[Dataset excerpts]

*****

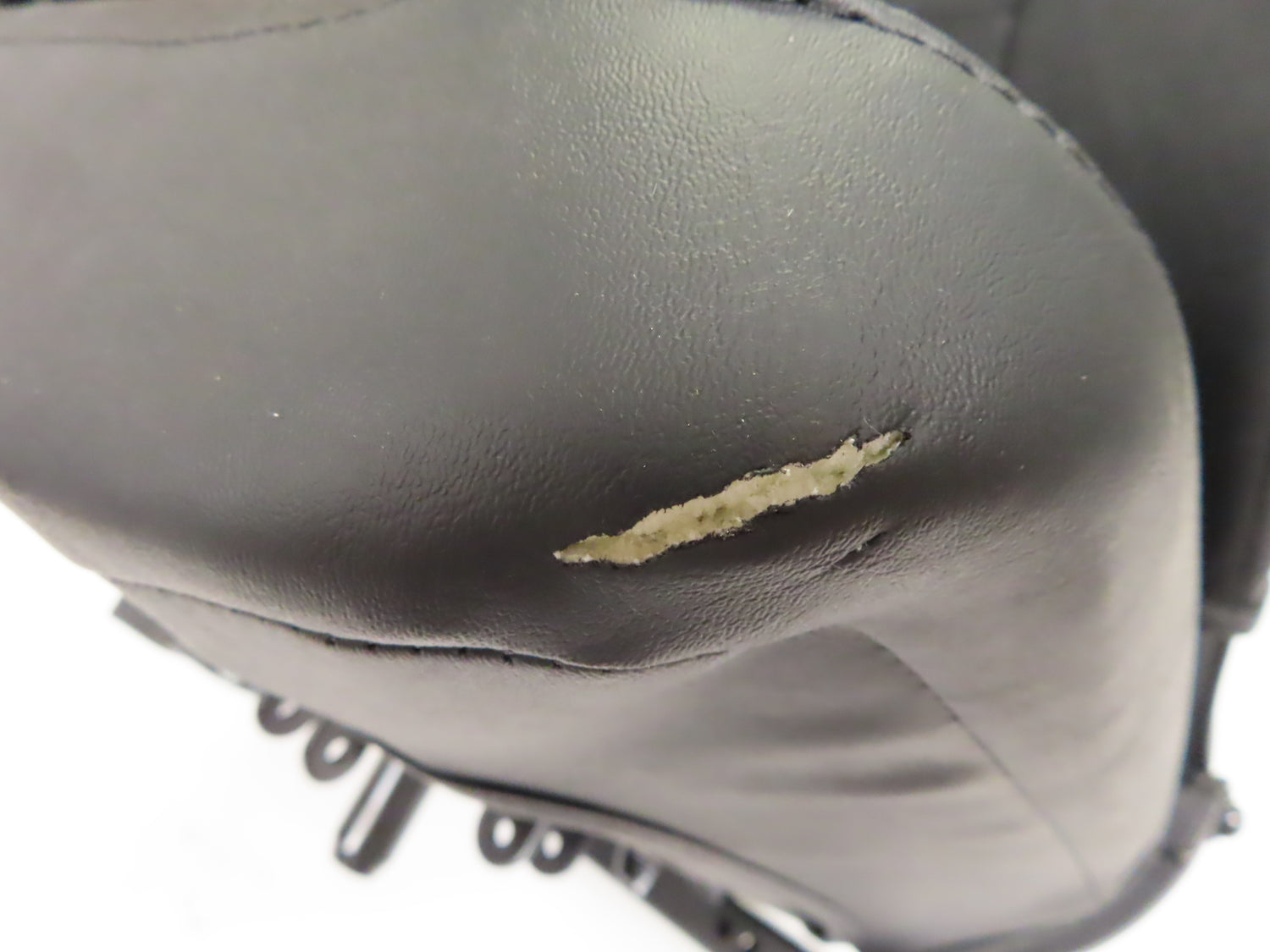 This seat is brand-new but has a 1" tear on the front of the seat base upholstery. That is just enough blemish to prevent us from selling this great mobility seat as perfect, but ypu may be able to reuse your old seat base cover. This Go-Go and Pride seat assembly includes the molded plastic seat back, the seat base, both black vinyl seat back and base covers, along with their foam inserts, and seat frame. In addition, we even include the left and right armrests, and armrest knobs.
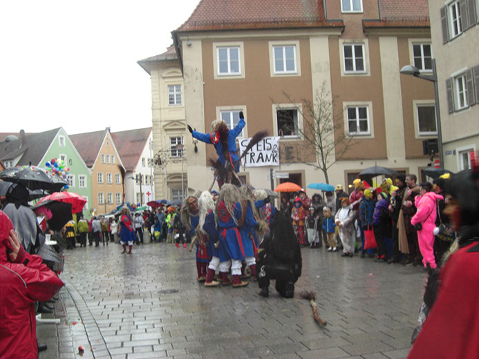 So läßt sich schlagwortartig die heutige Wesensart der Fasnacht umreißen - doch beim näheren Hinsehen kann man feststellen, dass die Fasnacht auch heute noch ein symbolbefrachtetes Brauchfest ist, wenn auch den meisten Aktiven und Zuschauern der ursprüngliche, tiefere Sinngehalt sowie die überkommene Symbolik verschlossen bleibt und die Ansicht weit verbreitet ist, die Fasnacht habe ihren Ursprung in heidnischen Fruchtbarkeits- und Winteraustreibungsritualen1). Dies wird jedoch, zumindest was die Kontinuität der Brauchtradition anbelangt, durch die Ergebnisse der jüngeren Fastnachtsforschung widerlegt, die die Wurzeln im christlichen Kontext, zurückreichend bis ins späte Mittelalter, sieht, ohne den damaligen Rückgriff auf bestimmte vorchristliche Festbräuche, wie z.B. die römischen Saturnalien, durchweg abstreiten zu wollen2).
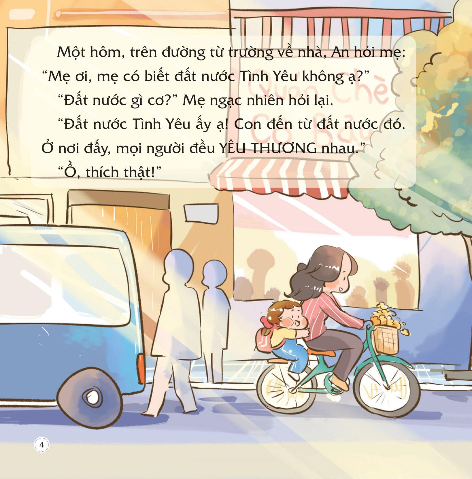 Bé An luôn tưởng tượng rằng có một đất nước tình yêu tồn tại trên đời. Ở đất nước đó, đèn giao thông có hình trái tim, ngôi nhà cũng có hình trái tim. Ở đất nước đó, không có mưa gió hay lũ lụt mà luôn ấm áp, ông mặt trời luôn mỉm cười. Nhưng tại sao đất nước tình yêu hoàn hảo như thế, An lại chọn đến đây nhỉ? Thì An thủ thỉ với mẹ rằng “Vì mẹ là Tình Yêu của con ạ”.
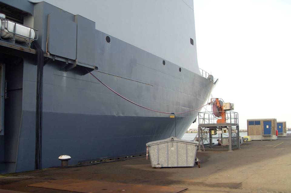 De Johan de Witt is als eerste van de 2 Landing Platform Dock’s uitgerust met een hoogspanningsaansluiting. Zodra de financiën rond zijn, wordt ook de Rotterdam aangepast. De Karel Doorman is bij de bouw direct uitgevoerd met een hoogspanningsaansluiting. Dat kon ook niet anders volgens hoofd technische dienst van de Karel Doorman, kapitein-luitenant ter zee Glijn van Marion. “Zelfs als we binnen liggen kunnen we vanwege het benodigde vermogen geen gebruik maken van laagspanning. We hebben alleen voldoende aan laagspanning wanneer het schip in onderhoud gaat. Dan gebruiken we namelijk alleen de verlichting en ventilatie.” Van Marion is dan ook blij met de tijdelijke hoogspanningsaansluiting op steiger 21, die speciaal voor het Joint Support Ship (JSS)werd aangelegd.
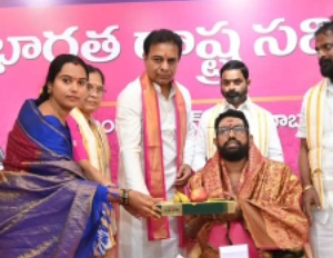 ఇద్దరు వేద పండితులు పంచాంగ శ్రవణంలో ఆయా అధికార, ప్రతిపక్ష పార్టీ అగ్ర నాయకులు సీఎం రేవంత్ రెడ్డికి, టిఆర్ఎస్ పార్టీ వర్కింగ్ ప్రెసిడెంట్ కేటీ రామారావుకు ఈ సంవత్సరం వార ఫలాల ఫలితాలు వివరించింది ఇద్దరు ఒకే క్షేత్ర వాసులు.
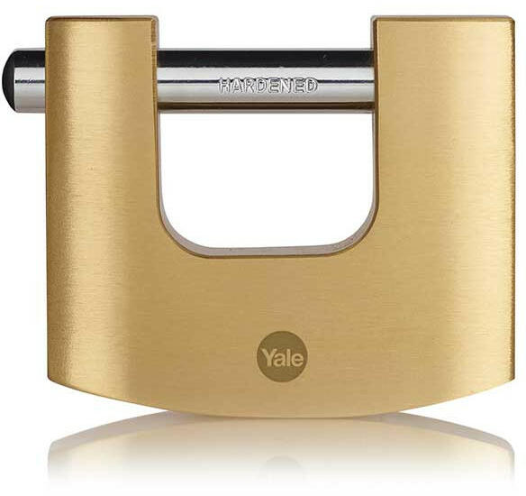 Yale-Y114B/90/127/1 réz tömb lakat masszív sárgaréz lakattest edzett acél kengyel kettős reteszeléssel korrózióálló belső szerkezet nagy szakítószilárdság EN 12320 szerinti III biztonsági osztály maximális védelem kengyellevágás fúrás, maghúzás és finomnyitás ellen 96 óra korrózióállósági garancia szélsőséges időjárási viszonyok között tesztelve precízi
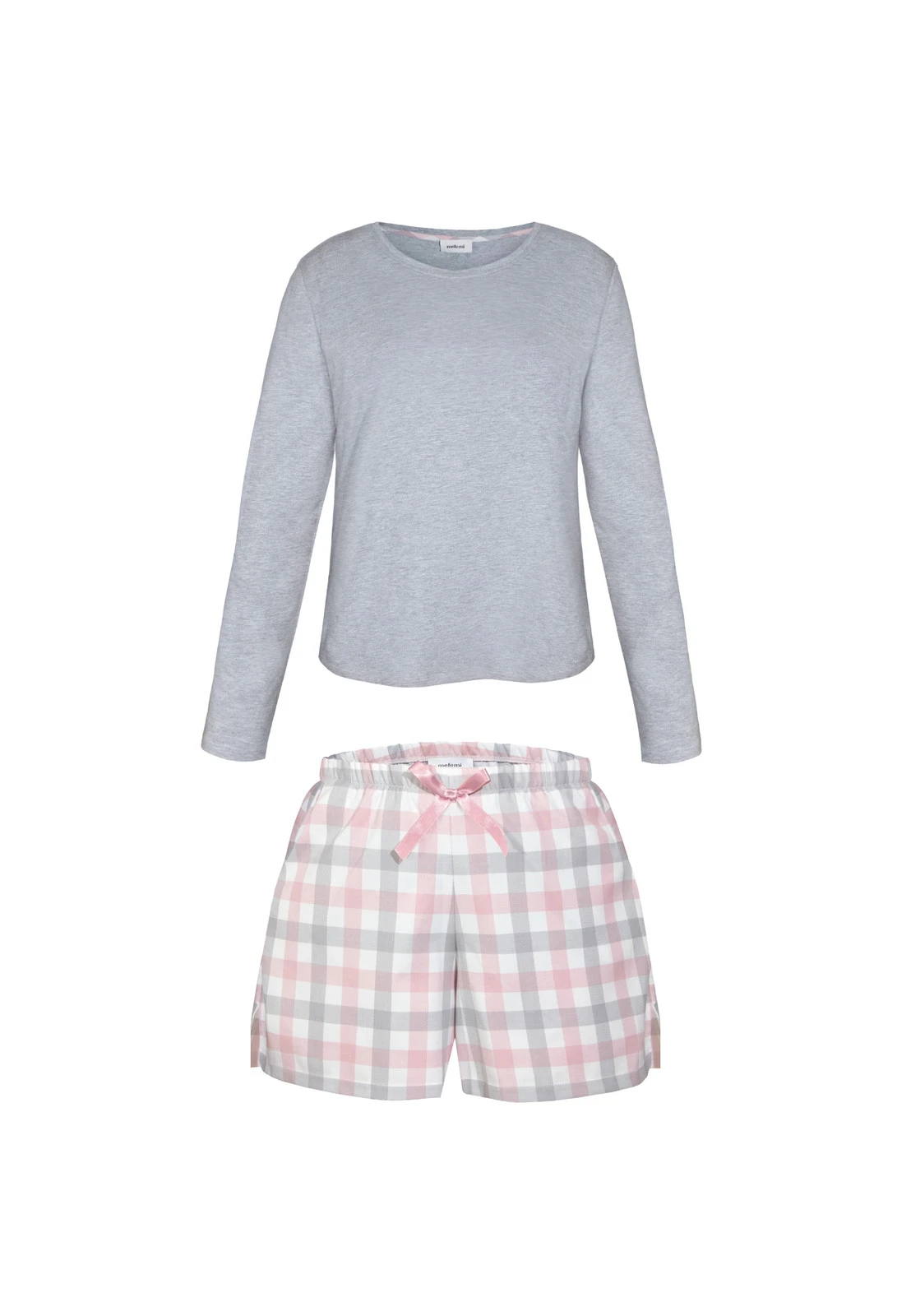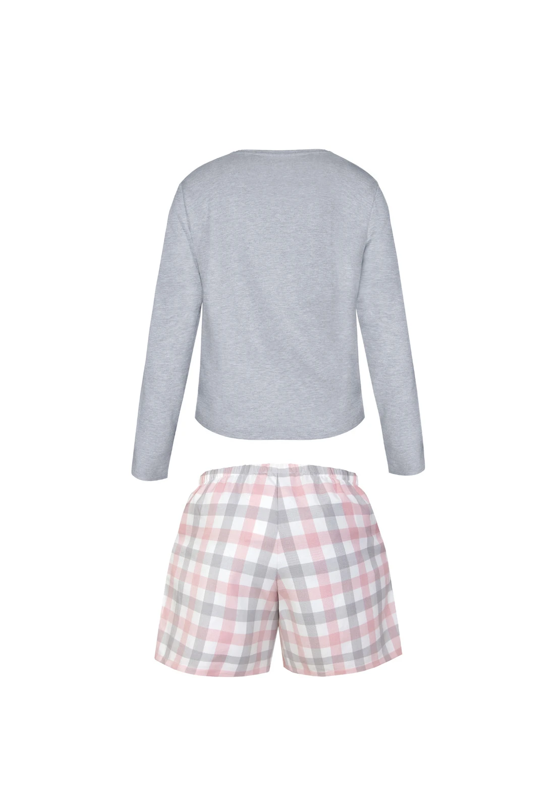 Piżama bawełniana Stella marki Mefemi to uroczy, wygodny i ponadczasowy komplet stworzony z myślą o kobietach ceniących naturalne tkaniny i klasyczny domowy komfort. Delikatna, szara bluzka z długim rękawem wykonana z miękkiej bawełny idealnie dopasowuje się do sylwetki, zapewniając swobodę ruchów oraz komfort termiczny przez cały rok. Dopełniają ją lekkie krótkie spodenki w różowo-szarej kratce, uszyte z wysokogatunkowej bawełny o gładkim, przyjemnym w dotyku wykończeniu.
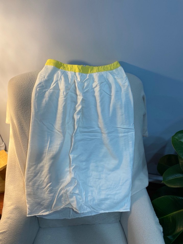 Sarı beyaz renk midi etek
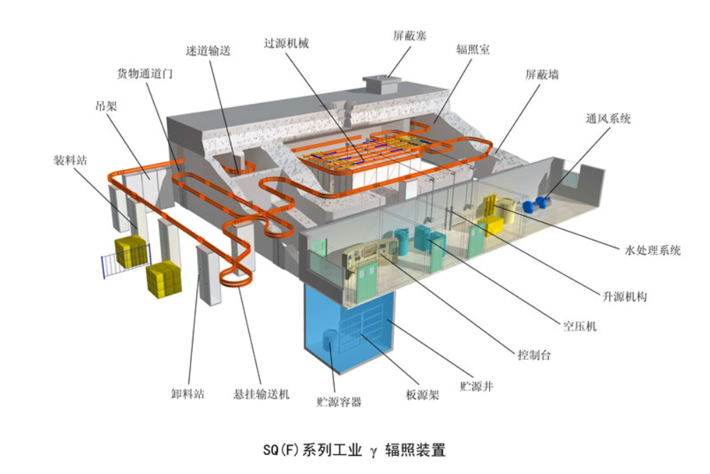 - 輸送系統:采用懸挂輸送與氣動過源機械相結合,能密集、多路多工位運行,可采用源超蓋或者産品超蓋的運行模式,適合綜合性多品種輻照
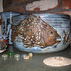 You will find Lyndsay's pottery studio just outside of town overlooking Somenos Lake. Many of the pots are decorated with a West Coast theme featuring landscapes and fish decoration. Enjoy a large selection of wheelthrown functional pottery suitable for day to day use.
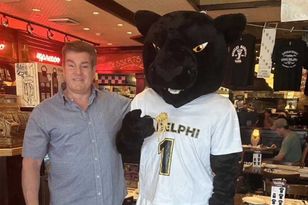 Vincent’s Clam Bar owner Bobby Marisi with the Adelphi University mascot. Courtesy of Bobby Marisi
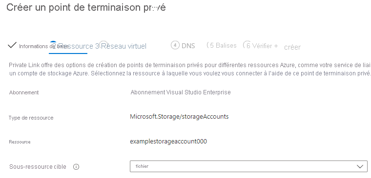 Confirmez que l’abonnement, le type de ressource et la ressource sont corrects, puis sélectionnez Fichier dans la liste déroulante Sous-ressources cible. Sélectionnez ensuite Suivant : réseau virtuel.
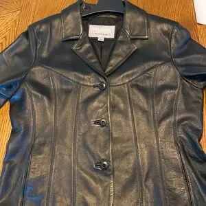 Genuine leather black jacket with stylish seaming details. In very good condition with no observable stains, rips, etc. There is a slight smell to the jacket. I think it may be mothballs? It was much stronger when I got the jacket at an estate sale but I let the jacket dry soak in baking soda for a couple of days and it is much fainter now.
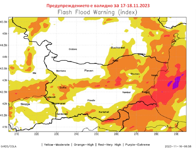 Поради очакваните значителни валежи, алгоритъмът на регионалния модел SPM показва къде вероятността от внезапни наводнения е най-висока:
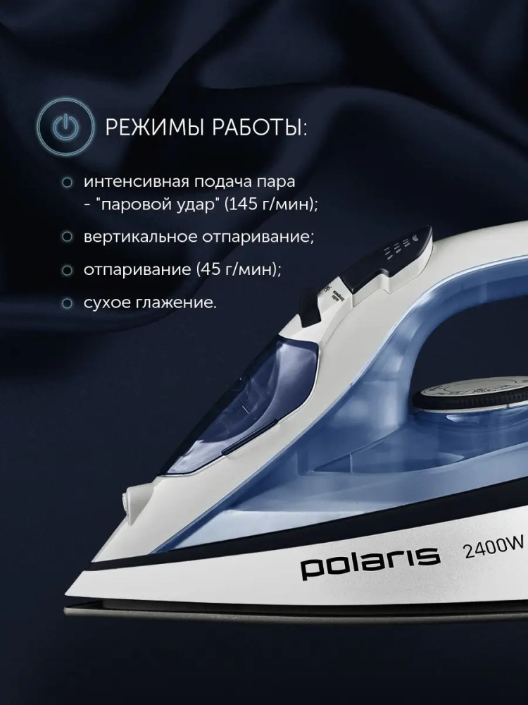 Утюг оснащен несколькими режимами работы, включая сухое глажение, отпаривание со скоростью 50 г/мин и интенсивную подачу пара с "паровым ударом" до 175 г/мин. Вертикальное отпаривание позволяет разглаживать одежду на вешалках или на манекенах.
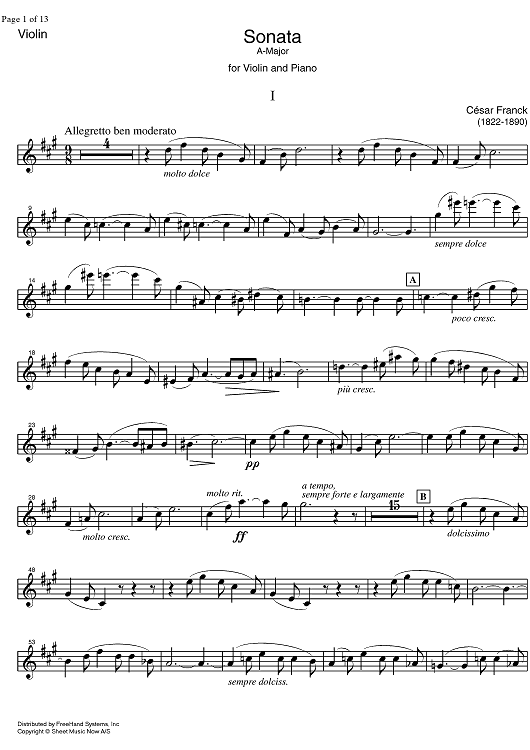 Digital Sheet Music for Sonata A Major - Violin by César Franck scored for Violin/Piano; id:329620

*****

**Activity**
Copy every record exactly as it appears, apart from any pictures.

**Response**
 This seat is brand-new but has a 1" tear on the front of the seat base upholstery. That is just enough blemish to prevent us from selling this great mobility seat as perfect, but ypu may be able to reuse your old seat base cover. This Go-Go and Pride seat assembly includes the molded plastic seat back, the seat base, both black vinyl seat back and base covers, along with their foam inserts, and seat frame. In addition, we even include the left and right armrests, and armrest knobs.
 So läßt sich schlagwortartig die heutige Wesensart der Fasnacht umreißen - doch beim näheren Hinsehen kann man feststellen, dass die Fasnacht auch heute noch ein symbolbefrachtetes Brauchfest ist, wenn auch den meisten Aktiven und Zuschauern der ursprüngliche, tiefere Sinngehalt sowie die überkommene Symbolik verschlossen bleibt und die Ansicht weit verbreitet ist, die Fasnacht habe ihren Ursprung in heidnischen Fruchtbarkeits- und Winteraustreibungsritualen1). Dies wird jedoch, zumindest was die Kontinuität der Brauchtradition anbelangt, durch die Ergebnisse der jüngeren Fastnachtsforschung widerlegt, die die Wurzeln im christlichen Kontext, zurückreichend bis ins späte Mittelalter, sieht, ohne den damaligen Rückgriff auf bestimmte vorchristliche Festbräuche, wie z.B. die römischen Saturnalien, durchweg abstreiten zu wollen2).
 Bé An luôn tưởng tượng rằng có một đất nước tình yêu tồn tại trên đời. Ở đất nước đó, đèn giao thông có hình trái tim, ngôi nhà cũng có hình trái tim. Ở đất nước đó, không có mưa gió hay lũ lụt mà luôn ấm áp, ông mặt trời luôn mỉm cười. Nhưng tại sao đất nước tình yêu hoàn hảo như thế, An lại chọn đến đây nhỉ? Thì An thủ thỉ với mẹ rằng “Vì mẹ là Tình Yêu của con ạ”.
 De Johan de Witt is als eerste van de 2 Landing Platform Dock’s uitgerust met een hoogspanningsaansluiting. Zodra de financiën rond zijn, wordt ook de Rotterdam aangepast. De Karel Doorman is bij de bouw direct uitgevoerd met een hoogspanningsaansluiting. Dat kon ook niet anders volgens hoofd technische dienst van de Karel Doorman, kapitein-luitenant ter zee Glijn van Marion. “Zelfs als we binnen liggen kunnen we vanwege het benodigde vermogen geen gebruik maken van laagspanning. We hebben alleen voldoende aan laagspanning wanneer het schip in onderhoud gaat. Dan gebruiken we namelijk alleen de verlichting en ventilatie.” Van Marion is dan ook blij met de tijdelijke hoogspanningsaansluiting op steiger 21, die speciaal voor het Joint Support Ship (JSS)werd aangelegd.
 ఇద్దరు వేద పండితులు పంచాంగ శ్రవణంలో ఆయా అధికార, ప్రతిపక్ష పార్టీ అగ్ర నాయకులు సీఎం రేవంత్ రెడ్డికి, టిఆర్ఎస్ పార్టీ వర్కింగ్ ప్రెసిడెంట్ కేటీ రామారావుకు ఈ సంవత్సరం వార ఫలాల ఫలితాలు వివరించింది ఇద్దరు ఒకే క్షేత్ర వాసులు.
 Yale-Y114B/90/127/1 réz tömb lakat masszív sárgaréz lakattest edzett acél kengyel kettős reteszeléssel korrózióálló belső szerkezet nagy szakítószilárdság EN 12320 szerinti III biztonsági osztály maximális védelem kengyellevágás fúrás, maghúzás és finomnyitás ellen 96 óra korrózióállósági garancia szélsőséges időjárási viszonyok között tesztelve precízi
 Piżama bawełniana Stella marki Mefemi to uroczy, wygodny i ponadczasowy komplet stworzony z myślą o kobietach ceniących naturalne tkaniny i klasyczny domowy komfort. Delikatna, szara bluzka z długim rękawem wykonana z miękkiej bawełny idealnie dopasowuje się do sylwetki, zapewniając swobodę ruchów oraz komfort termiczny przez cały rok. Dopełniają ją lekkie krótkie spodenki w różowo-szarej kratce, uszyte z wysokogatunkowej bawełny o gładkim, przyjemnym w dotyku wykończeniu.
 Sarı beyaz renk midi etek
 - 輸送系統:采用懸挂輸送與氣動過源機械相結合,能密集、多路多工位運行,可采用源超蓋或者産品超蓋的運行模式,適合綜合性多品種輻照
 You will find Lyndsay's pottery studio just outside of town overlooking Somenos Lake. Many of the pots are decorated with a West Coast theme featuring landscapes and fish decoration. Enjoy a large selection of wheelthrown functional pottery suitable for day to day use.
 Vincent’s Clam Bar owner Bobby Marisi with the Adelphi University mascot. Courtesy of Bobby Marisi
 Confirmez que l’abonnement, le type de ressource et la ressource sont corrects, puis sélectionnez Fichier dans la liste déroulante Sous-ressources cible. Sélectionnez ensuite Suivant : réseau virtuel.
 Genuine leather black jacket with stylish seaming details. In very good condition with no observable stains, rips, etc. There is a slight smell to the jacket. I think it may be mothballs? It was much stronger when I got the jacket at an estate sale but I let the jacket dry soak in baking soda for a couple of days and it is much fainter now.
 Поради очакваните значителни валежи, алгоритъмът на регионалния модел SPM показва къде вероятността от внезапни наводнения е най-висока:
 Утюг оснащен несколькими режимами работы, включая сухое глажение, отпаривание со скоростью 50 г/мин и интенсивную подачу пара с "паровым ударом" до 175 г/мин. Вертикальное отпаривание позволяет разглаживать одежду на вешалках или на манекенах.
 Digital Sheet Music for Sonata A Major - Violin by César Franck scored for Violin/Piano; id:329620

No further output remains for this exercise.